A VITÓRIA DO BEM
Alcino Lagares Côrtes Costa*
Há três perguntas que merecem reflexão: se tudo que existe é obra do agente perfeito e este é o bem absoluto, donde vem o mal? É possível vencer o mal? Em que consiste a vitória do bem?
Seja a adição “2 + 2 = 4.”
Se o resultado dessa adição for diferente de 4 (por exemplo, “2+2=5”), significa que foi cometido um erro.
Tomemos, em nossa língua, a palavra “principal”. Se trocarmos o “c” pelo “s” (“prinsipal”), ou o “l” pelo “u” (“principáu”), significa que cometemos um erro, porque a ortografia só nos autoriza escrever a palavra de um modo.
Ao conjunto de regras que orientam os comportamentos humanos na vida em sociedade chamamos “Moral”, a qual é sustentada pela “Ética” (um conjunto de valores, em cujo ápice se encontra o bem).
Você está dirigindo. Se, ao invés de parar o carro diante de um sinal semafórico vermelho, avança, está cometendo um erro comportamental.
O cálculo elementar se baseia na exatidão dos números, a redação de uma palavra se fundamenta no rigor da ortografia e os comportamentos humanos são pautados pela moral.
A razão evidencia que erramos contas, escrevemos palavras com letras trocadas, ou cometemos atos antissociais por falhas consequentes de erros e estes jamais poderão ser atribuídos a uma entidade demoníaca _ o “mal em si” _ criadora de formas estapafúrdias de escrita, de aritmética, ou de comportamentos!
O erro é, portanto, a ausência de algo que deveria estar presente na coisa existente e não está.
Segue-se, com relação aos comportamentos, que o bem é um conceito absoluto e o mal é a sua ausência. Logo, o “mal em si” não existe.
Entrementes, costuma-se dizer que “o bem pode vencer o mal”. A contradição dessa afirmação é evidente; pois, só uma coisa existente pode ser vencida.
Não se pode “vencer” o erro de uma conta, da redação de uma palavra, ou de um comportamento.
Para que as pessoas possam fazer contas, escrever, ou adotar comportamentos socialmente desejáveis é necessária a aprendizagem, porque ninguém nasce sabendo essas coisas.

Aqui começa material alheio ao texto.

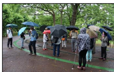
ウォーキングコース変更の説明
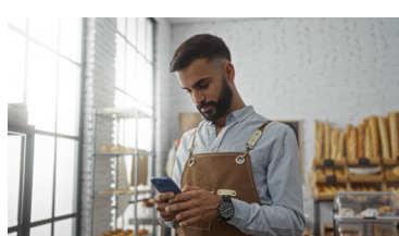
Rivendita al dettaglio
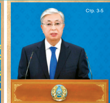
Выступление Президента Касым-Жомарта Токаева на церемонии вручения государственных наград в преддверии Дня Независимости
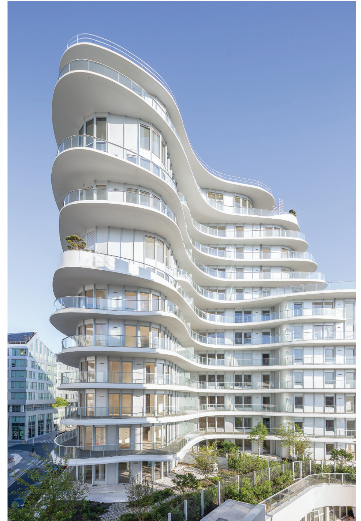
Unic - PARIS | 17

Emerige, société par actions simplifiée au capital de 3 457 200 €, immatriculée au RCS de Paris sous le numéro 350 439 543 - Siège social : 121 avenue de Malakoff 75116 Paris - Architecte : Breitman & Breitman Architectes - Perspectivistes : Miysis, Visual-FL, Scenesis, Citallios - Illustrations non contractuelles à caractère d'ambiance - Document et informations non contractuels - Réalisation : markus - 01/2025
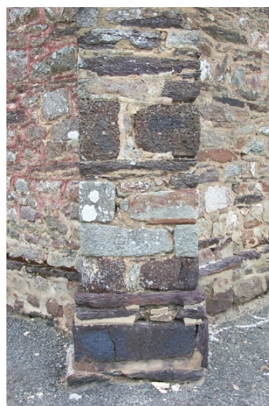
Contrefort sud-ouest, poudingues dits roussards provenant de l'ancienne église : détail IVR53_19993505225NUCA
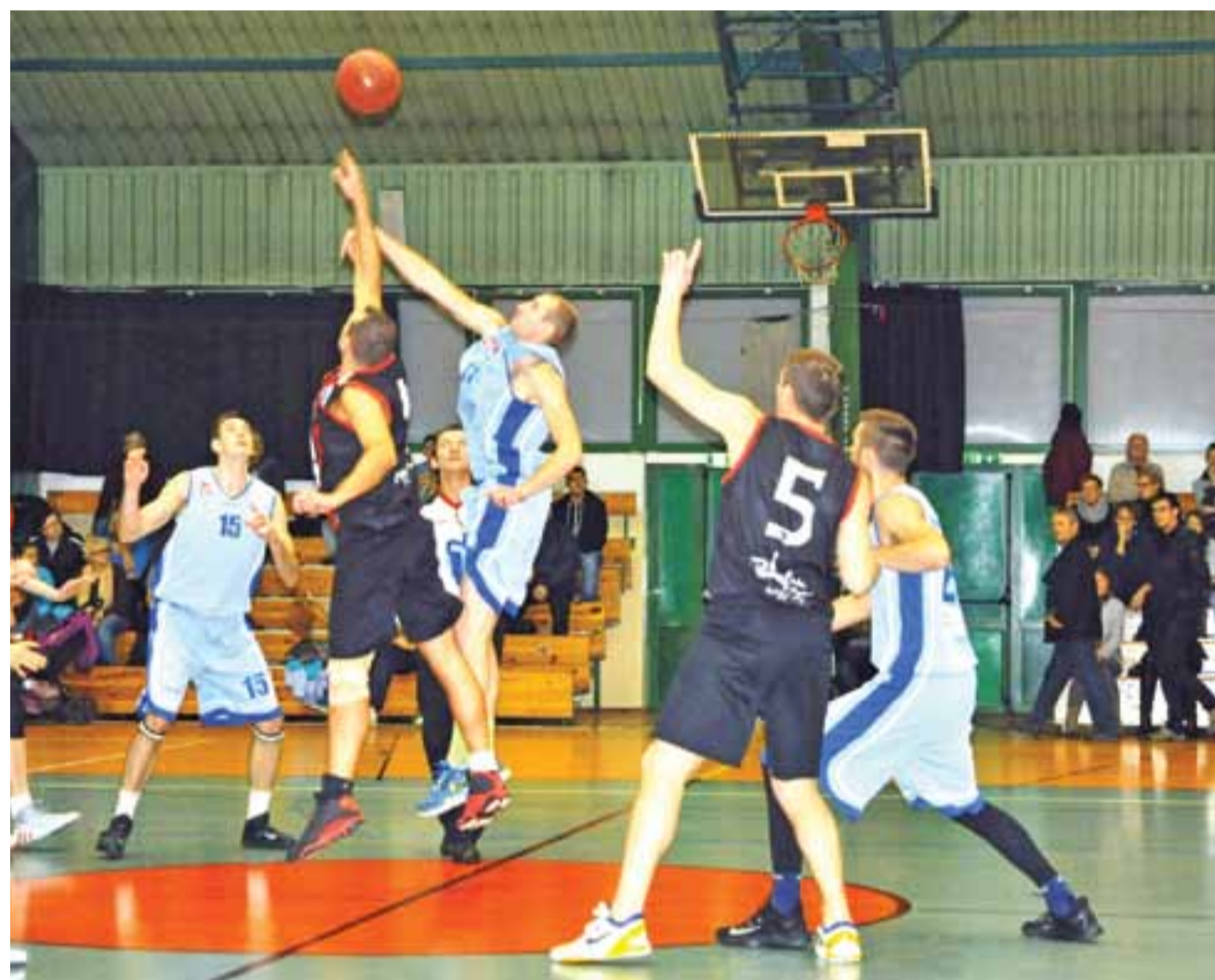
Księżak pewnie i wysoko pokonał w sobotę Tura Bielsk Podlaski.

W przerwie meczu odbywały się konkursy, a do wygrania były gadzety ufundowane przez sponsora Bank Spółdzielczy Ziemi Łowickiej. Przypomnijmy, że do wygrania na każdym meczu w Łowiczu jest nagroda za celny rzut z połowy. W tam-
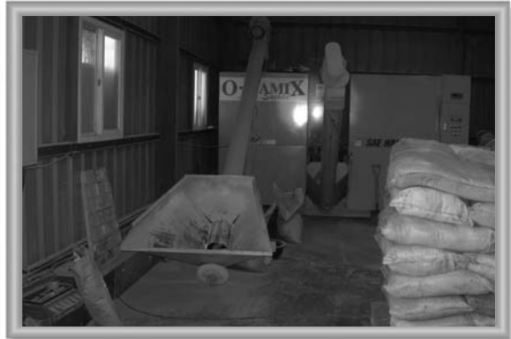
▲ 첨가제 생산라인(믹서기)
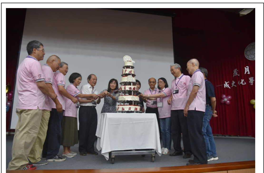
2019.11.9：系友大會 慶賀 60 週年儀式 (校長與系友會委員共切蛋糕)

六層蛋糕是委由遠東香格里拉飯店特別製造，適時推上舞台應景演出，讓全場系友驚喜。蛋糕六層表示化學系成立六十週年，誌喜慶賀。
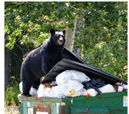
No sobrecargue los contenedores, consulte la página 5 para saber qué hacer con los residuos adicionales.
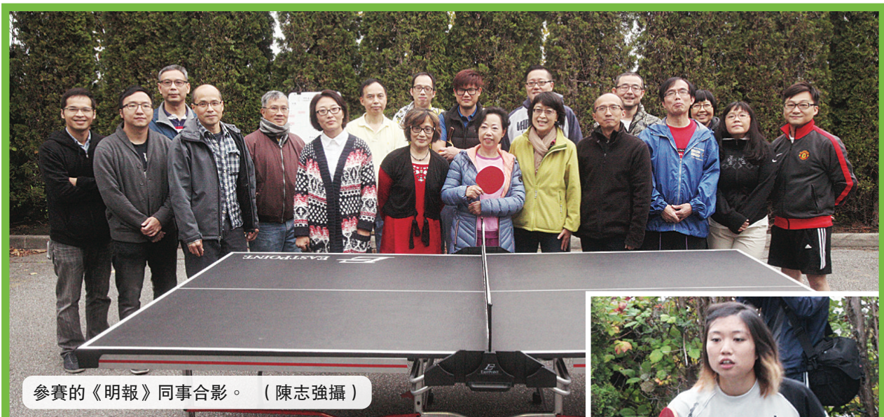
參賽的《明報》同事合影。
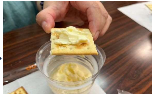
とっても美味しいバターの出来上がり！ 手作りバターは体にもいいんです！
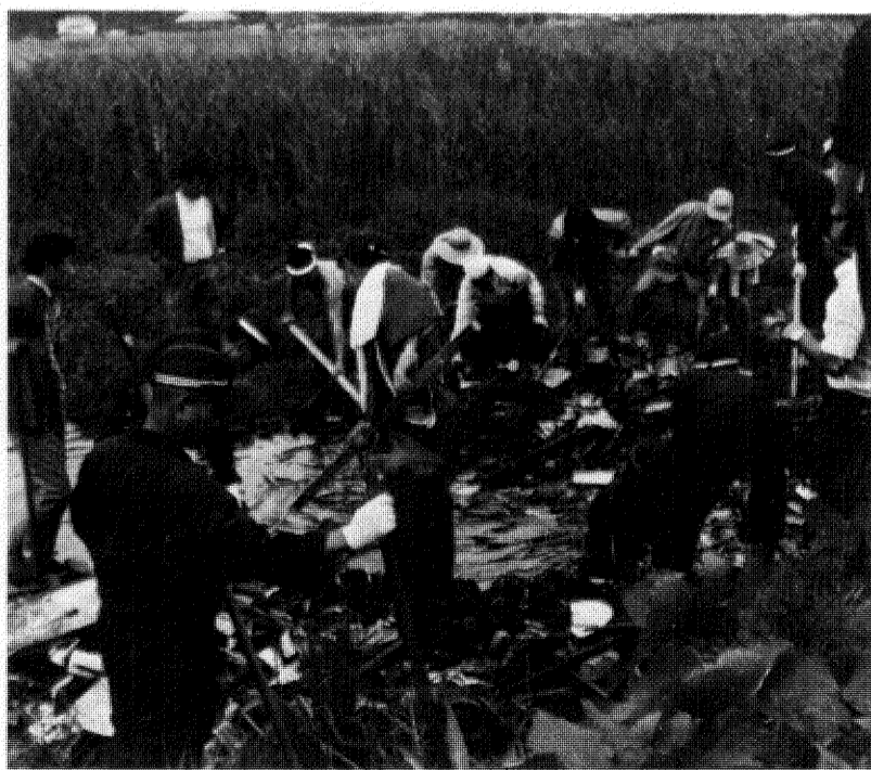
こんなにゴミでいっぱい「だもん手賀沼は汚れるなあ——」。取り組む市民もしばしばうぜん
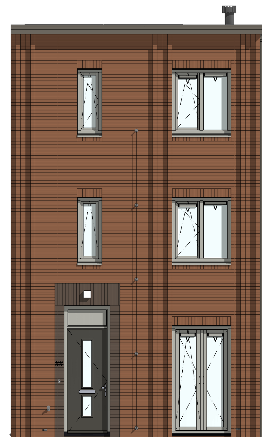
VG5001 - Voorgevel in basis uitvoering

Se a criança for impedida de aprender, ela começará a cometer erros e estes a acompanharão durante sua vida adulta.
Conforme as estatísticas, o Brasil é um dos países mais violentos do mundo e, das profundezas do primeiro escalão do governo, emergiu a excêntrica solução: “armar o homem de bem... para ele matar bandidos”.
Ora, por sua dupla contradição, isso é um erro; pois, (1) ninguém nasce bandido; e (2) homens “de bem” não desejam matar outros homens.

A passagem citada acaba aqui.